Next I tried all four of the bourbon barrel beers and I will review them in order.

Starting with the 2014 Bourbon County Stout:
The brewer’s notes claim that this year’s 14.2% Imperial Stout Aged in Bourbon Barrels was “brewed in honor of the 1000th batch at our original Clybourn brewpub. A liquid as dark and dense as a black hole with thick foam the color of a bourbon barrel. The nose is an intense mix of charred oak, chocolate, vanilla, caramel and smoke. One sip has more flavor than your average case of beer”. What I saw in my glass was dark black brown with a good strong light brown head with long retention and lace. It smelled of dark candy sugar, dried plum and both resin and raisins. The mouthfeel was an explosion of foam and flavor, a dense yet wet liquid tootsie roll that impacts and tickles the back of the throat. It tasted very complex with dark sugar and tootsie roll candy mixing with molasses, leather and green apples. It reminded me of burnt toast dipped in caramel but in a good way! The bourbon barrel note is subtle yet apparent in the warming alcohol finish. This beer is huge and complex yet not unruly. For all of its complexity of big flavor it is still very well balanced and finishes with a mellow chocolate sweet finish. Some age could continue the mellowing process.

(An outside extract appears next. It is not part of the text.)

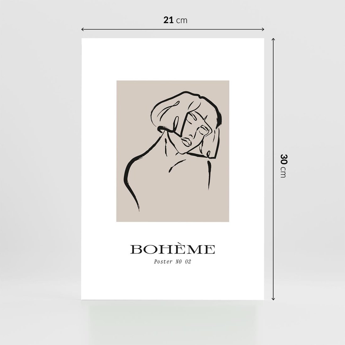 Ten boho plakat ukazuje wyjątkowy portret kobiety w minimalistycznym stylu, wzbogacony subtelnie umieszczoną typografią. To hołd dla naturalnej urody i harmonii. Wyjątkowość tego dzieła leży w prostocie, która oddaje esencję piękna w każdym detalu, tworząc spokojną i inspirującą atmosferę.

Next I had the 2013 Bourbon County Stout:
Last year when I tried this beer for the first time I thought it was hot with alcohol and 1 year later, although the beer has mellowed somewhat, that was still my first impression! It poured dark black mud with a thin light brown head, but the lace did cling to the glass. Most of the aroma had muted leaving behind alcohol, coconut and with a faint hint of caramel. The mouthfeel was all chocolate foam and alcohol disguising the density of an imperial stout.
The first taste was of booze! It was big, hot and tangy. Flavors of brown sugar and leather compete with pronounced alcohol presence with just hints of caramel sugar in the finish. The flavors have become more blended over the last year but the booze has come out of hiding in a big, not necessarily good way! This beer is not nearly as complex and impressive as the 2014 is. This version is definitely the boozy older brother!

Next up was the Bourbon County Coffee Stout:
Self disclosure, I am not a real fan of coffee stouts in general, I like them to be rare pours and served in small glasses, however this beer may just change my attitude! The brewer’s notes on this tell us this is a 13.4% Imperial Stout Aged in Bourbon Barrels. They add that “everyday Goose Island smells the wonderful coffee roasting next to our brewery at Chicago’s Intelligentsia Coffee and Tea. This world class roaster puts the same passion and skill into their coffee as Goose Island does with its beer. This excellent stout is made with a different coffee from our friends next door each year. With the change in coffee comes a change in the flavor profile, making each release truly unique from the previous years. This year’s 2014 Release features Intelligentsia Zirikana from Rwanda”. The beer poured dark black brown, with a very thin off-white head, and clingy lace, it had good retention and good cling. The smell was very coffee forward, masking most other notes. If you like coffee (and I do) this was a very pleasant smell. No alcohol nose or hops was apparent but it had some tar in background. The mouthfeel was medium bodied, just like good coffee. It felt tart and tingly on side of my tongue yet dry. It felt creamy only without the cream. Some alcohol warming. The taste was of sweet coffee and caramel candy, sweetened with brown sugar and raisins. Some mild leather notes in the background and just a hint warm bourbon in the finish. I must say that this is a very impressive coffee beer and I don’t know if it was due to their choice of coffee they used but damn (!) I really like this beer!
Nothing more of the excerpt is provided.